After the war and as the news of Hiroshima/Nagasaki tragedies came, Oak Ridge community was impatient to show its peace initiative. It reviewed a proposal by Sigeko Uppuluri, which introduced the bell concept. Some agreed but most opposed, reasoning the bell to be too much of a religious symbol. After some passage of time, however, the bell idea gained support and a funds were raised. The Uppuluris visited Japan with a bell design by artist Suzzane Harris. It was 1993 when the bell was cast in Kyoto by bell maker Sotetsu Iwazawa.

The bell cost approximately $100,000, even with the maker's concession. The sister city Hitachi-Naka and the Atomic Energy Society of Japan respectively contributed $14,000 and $23,000. The bell was transported by Honda Motors. Another objection arose on the erection of the bell pavilion in the public park and it took another three years until it was finally in place.
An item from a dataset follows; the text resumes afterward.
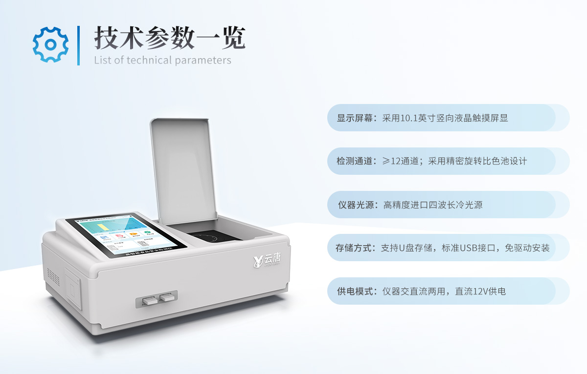 | 儀器采用臺式一體化系統檢測技術,將分光光度模塊、膠體金檢測模塊、新型農殘檢測模塊、數字化管理模塊、無線通訊模塊高度集成于一體,支持檢測200種食品安全檢測項目,同時預留升級檢測方法。 | 儀器檢測模塊標準化、智能化,可隨意自由組合。檢測箱體內置多個標準檢測單元,檢測模塊可以調整配置。 | 儀器采用全新安卓智能系統,主控芯片采用 ARM Cortex-A7,RK3288/4核處理器,10.1寸高清液晶觸摸豎屏,更加**的UI交互界面,運轉快捷;儀器配備無線通信模塊: 4G(APN)通訊模塊、Wifi模塊,藍牙傳輸,同時具有雙USB接口以及RJ45接口能以多種方式實現數據保存和數據傳輸功能。 | 創新檢測模式★檢測通道:≥12通道;采用精密旋轉比色池設計,使用同芯片同光源校準精度,解決不同光源之間的誤差值。1-12通道間誤差0.1%。(***:**202022821055.2) ★儀器具有自動識別比色皿檢測功能,即:將樣品比色皿放入儀器后,點擊樣品檢測,儀器自動識別比色皿進行通道檢測。 | 進口高精光源:高精度進口四波長冷光源,通道配置 410、520、590、630nm 波長光源,一個光源芯片驅動一個光源,誤差極小,每臺設備單獨**校準光源,**比對,同時參照四種不同波段光源全方位覆蓋市面上99%的農殘食品項目檢測。 | 膠體金模塊檢測方式:★采用COMS實時成像技術,可采集多個畫面,支持2個金標同時讀卡,通過不同顏色的灰度變化,一秒精準得出結果。 | 智能操作分析系統: | ★便捷操作系統:設備檢測時可在同一檢測界面自動對應相關檢測通道一次性選擇1-12個樣品名稱,無須退出界面,節省操作時間。(需提供對應證明) | ★數據集成系統:設備首頁自動統計檢測數據包含:周檢測數據、月檢測數據,全部檢測總數量,均包含檢測總數,合格數,不合格數,以及相關柱形分析圖,對各項檢測數據清晰掌握,無需電腦查詢,更加快捷直觀。(需提供對應證明文件) | ★項目預設系統:支持添加單個及多個相同或不相同的任務預設,一鍵快速調取,每一個任務分別可以設置不同的樣品、批次、編號、來源、備注、抽樣信息、檢測信息、受檢信息、復核信息等更多信息。無縫鏈接平臺和APP實時查看下發任務。(需提供對應證明文件) | ★數據監管系統:同步對接監管平臺,數據可局域網和互聯網數據上傳,檢測結果可選擇直接傳至食品安全監管平臺。集成OSS輸出存儲服務、區分設備定向管理應用,進行區域食品安全監管及大數據分析處理與數據統計,檢測區域食品安全長短期動態,達到食品安全問題預估、預警。(需提供對應食品理化分析系統計算機軟件著作權)。 | ★ 自定義打印系統:內置全新打印系統,新創自定義打印方式,可按需靈活設置開啟或關閉:產品合格證(國家農業部標準要求),二維碼,抽樣信息、檢測信息,受檢信息、復核信息、抽樣日期、檢測日期等信息的打印。(需提供對應證明) | ★系統遠程更新功能:可定向分客戶分儀器更新系統,按照不同客戶后期實際需求添加項目,無需機器返廠,即可遠程實時升級全新系統,節省時間成本及避免運輸造成設備損壞。 | 儀器主機采用一體化防水、抗壓、防撞擊、防腐蝕箱體設計,同時配備交直流供電,可連接車載電源,可選配大容量充電鋰電池,滿足現場野外檢測需求。 | 安全證書,放心保障:儀器具有中國計量科學研究院校準證書,權威認證。 |

The bell pavilion adopted the vernacular cantilevered barn structure found around the eastern Tennessee region. It was designed by Jon Coddington, a U-T professor. The city motto campaigned for the Peace Bell was "Born of War, Living the Peace, Growing through Science."

What's inscribed on the striker of the Friendship Bell per my friend is:

"In honor of the long and excellent working relations and friendship which developed in the collaboration in the first reactor fuel cycle between Oak Ridge National Laboratory and Power Reactor and Nuclear Fuel Corporation (scratched, cannot read) during the period 1981-1994."
- Anonymous

Oak Ridge is ranked No. l Best City to live in the medium sized city category. It is a haven now for retirees. Many elderly volunteers are working for such organizations as American Museum of Science & Energy" (AMSE), etc.